川越城本丸御殿保存修理工事
工事の概要
川越城本丸御殿は、平成20年度から平成22年度にかけて約2年半の工期をもって保存修理工事を実施しました。ここでは、その概要についてお伝えします。
- 工事名 川越城本丸御殿保存修理工事
- 工事期間 平成20年10月20日から平成23年2月18日まで
- 工事種別 半解体修理工事
- 総工事費 約2億5千万円
- 受注業者 設計・監理 株式会社 文化財工学研究所
施工 松井建設株式会社 関東支店 - 工事内容
①屋根の修理
雨漏りが著しかったため、瓦を一度撤去して屋根の下地から貼り直しました。瓦は破損したものを選別して、再用しましたが、不足した分は新たに作りました。また、南側の鬼瓦は創建当初には無く、暫定的に別の瓦が据えらていたようですが、今回、北側の創建当初の鬼瓦の複製を作って、設置しました。
②基礎の修理
長い間に沈んでしまった基礎の据直しは、工事に際して地盤(史跡)を傷めてしまうことが懸念されるため、保護の観点から中止し、柱下と礎石の間に支い物(かいもの)を施すことで調整しました。調整に際しては、柱を1本ずつジャッキアップして柱の傾きを補正しながら行いました。
③木材の交換・修理
木材は文化財の一部であるため、原則として再用しましたが、雨漏りや虫食いなどで腐朽した木材のうち、被害が小規模なものは矧ぎ木などの細工で補修し、大規模なものは交換しました。
④壁の修理
創建当初からの壁が残っている部分を除き、壁をすべて解体して、新たに竹小舞を組んで伝統的な土壁を復元しました。
⑤建物の補強
耐震補強のため、小屋裏に水平方向及び垂直方向の筋交いを新設しました。また、床下では一部の外されていた貫を復旧し、あらたに補強土台を取り付けました。
⑥文化財建物としての独立
西側の家老詰所との通路を解体し、それぞれを独立した建物としました。また、南西側に接続する便所棟(現 明治棟)は小屋裏などに旧本丸御殿の部材が使用されており、解体してしまうと部材の資料価値が損なわれると判断されたため、解体前の状態で整備しました。 - 解体前と変わったところ
御殿内でご覧いただけるところを挙げてみました。ご来館の折に確認してみてください。
①玄関唐破風
正面玄関の屋根は銅板を葺き直しました。中央の「葵の文」も金箔を貼り直しています。
②広間
解体前は座敷部分への入室をご遠慮いただいていましたが、現在は広間のみ入室可としました。床の間の巨大な壁や杉戸絵を間近でご覧いただけます。
③使者の間・使番詰所
両室の間の間仕切りは、解体時の調査によって壁だった部分も引き戸であったことが分かりました。そのため、今回の保存修理工事で引き戸として復元しました。
④明治棟
解体を取止めた便所棟は外観を復元的に改修し、内部の間仕切り(まじきり)も当初に復元しました。
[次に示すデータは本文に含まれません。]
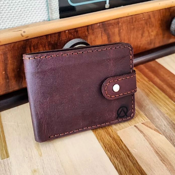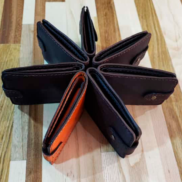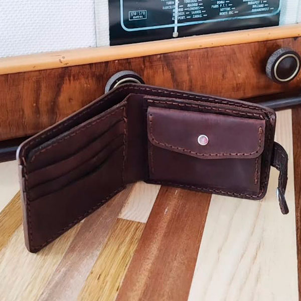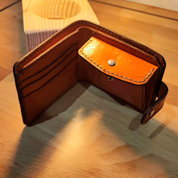 Cartera artesanal 100% cuero vacuno o ciervo. Múltiples huecos para tarjetas, billetera y monedero con cierre. Personalizable con iniciales en el interior.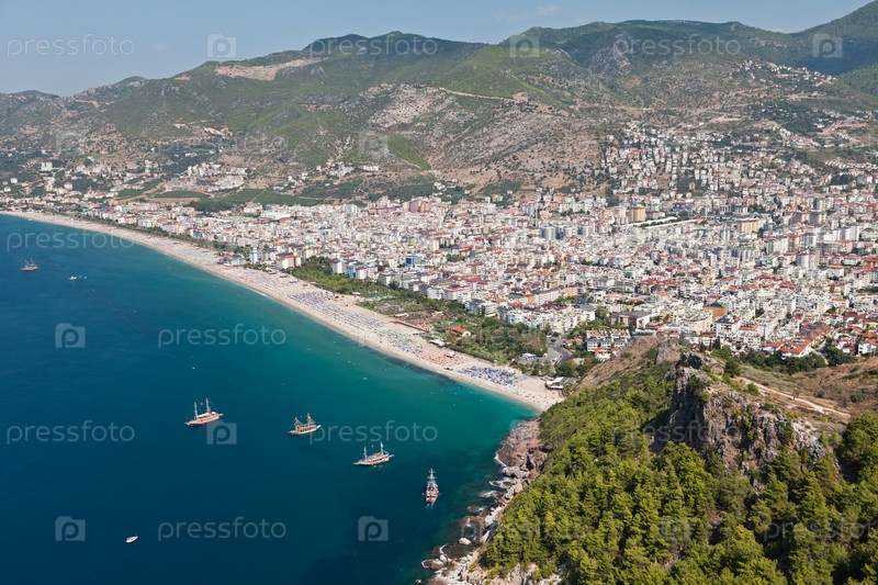 Морской курорт клеопатра в алании на средиземном море, турция. вид со стен замка

室内は今回の保存修理工事の資料による第1展示室と多目的トイレを含むトイレ室を設けました。
⑤家老詰所への通路
6-⑦で記しました文化財建物としての独立を図るため、家老詰所への通路をウッドデッキ風の簡素な形に変えました。これによって、家老詰所や裏庭を違った角度からご覧いただけるようになりました。
保存修理とは
川越城本丸御殿は「埼玉県指定有形文化財」です。今回の工事は保存修理工事として、その建物の歴史的な変遷を調査し、それを踏まえて当時の工法によって修理を実施しました。実際、建物のどの部分がどうなっていたか、どのように修理したかを記録してきました。これらをまとめた修理報告書を現在作成中です。しかしながら、この報告書は専門的な内容になりますので、一般の皆さまには本丸御殿の保存修理工事の内容が分かりやすくご覧いただけるような「概要版」を合わせて作成しています。また、保存修理の過程を映像で紹介しているDVDの頒布も実施しています。詳しくは博物館・本丸御殿の受付までお申し出ください。
約2年半の保存修理工事中は、たくさんの方々ご迷惑をおかけしました。工事完了後、3月11日の東北地方太平洋沖地震に見舞われましたが、壁の一部にひびが入る程度で、川越城本丸御殿は甚大な破損・被害はありませんでした。しかし、大地震発生の可能性がなくなったわけではなく、これからもこの本丸御殿が残るように、また、ご来館いただいたみなさんが安全に見学できるように努めていきたいと思います。これからもよろしくお願いいたします。